• Provided data:
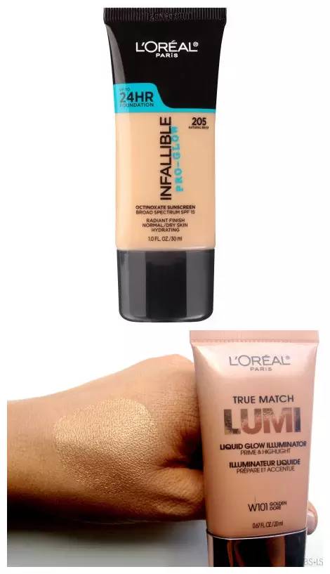 碧昂斯的金色皮肤就是靠这两种底妆品混合而来,一只持久性的粉底加上有金色光泽的提亮乳,就能初步打造雅典娜的金色光泽肌~
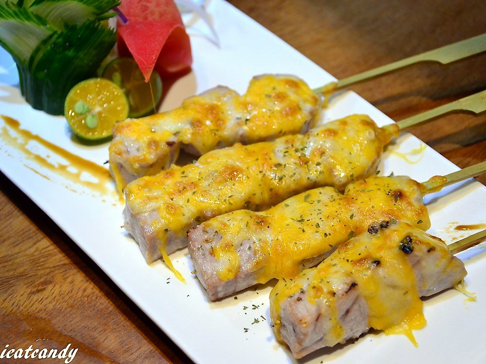 起司鮪魚串,濃郁的起司就要趁熱吃才能享受那融化的滋味阿~擠上一旁的金佶,酸甜醬汁可以提鮮味、去腥味外,還能降低亞硝酸鹽的含量,肉質很緊實,那融化的起司鹹香口感覺得不錯。
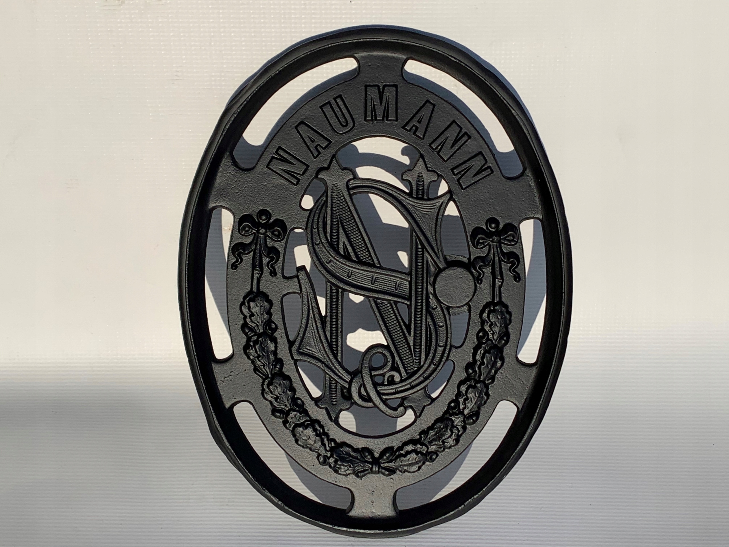 Предметом продажу є стара емблема NAUMANN. Оригінальна річ, виготовлена з чавуну. Взято зі старої бази швейної машинки. Дуже гарний візерунок. Стан - після професійного ремонту, піскоструминний та пофарбований в чорний колір - як на фото. Ідеально підходить як прикраса, наприклад, для підвішування. Приблизні розміри: 31,3 см (висота) х 24,3 см (ширина). Якщо ви шукаєте щось оригінальне, цей аукціон саме для вас.

• Exercise: Retyped exactly, the lines from the one holding "起司鮪魚串,濃郁的起司就要趁" through the last line of the data above are the whole answer. Pictures stay out.

• Result of this task:
 起司鮪魚串,濃郁的起司就要趁熱吃才能享受那融化的滋味阿~擠上一旁的金佶,酸甜醬汁可以提鮮味、去腥味外,還能降低亞硝酸鹽的含量,肉質很緊實,那融化的起司鹹香口感覺得不錯。
 Предметом продажу є стара емблема NAUMANN. Оригінальна річ, виготовлена з чавуну. Взято зі старої бази швейної машинки. Дуже гарний візерунок. Стан - після професійного ремонту, піскоструминний та пофарбований в чорний колір - як на фото. Ідеально підходить як прикраса, наприклад, для підвішування. Приблизні розміри: 31,3 см (висота) х 24,3 см (ширина). Якщо ви шукаєте щось оригінальне, цей аукціон саме для вас.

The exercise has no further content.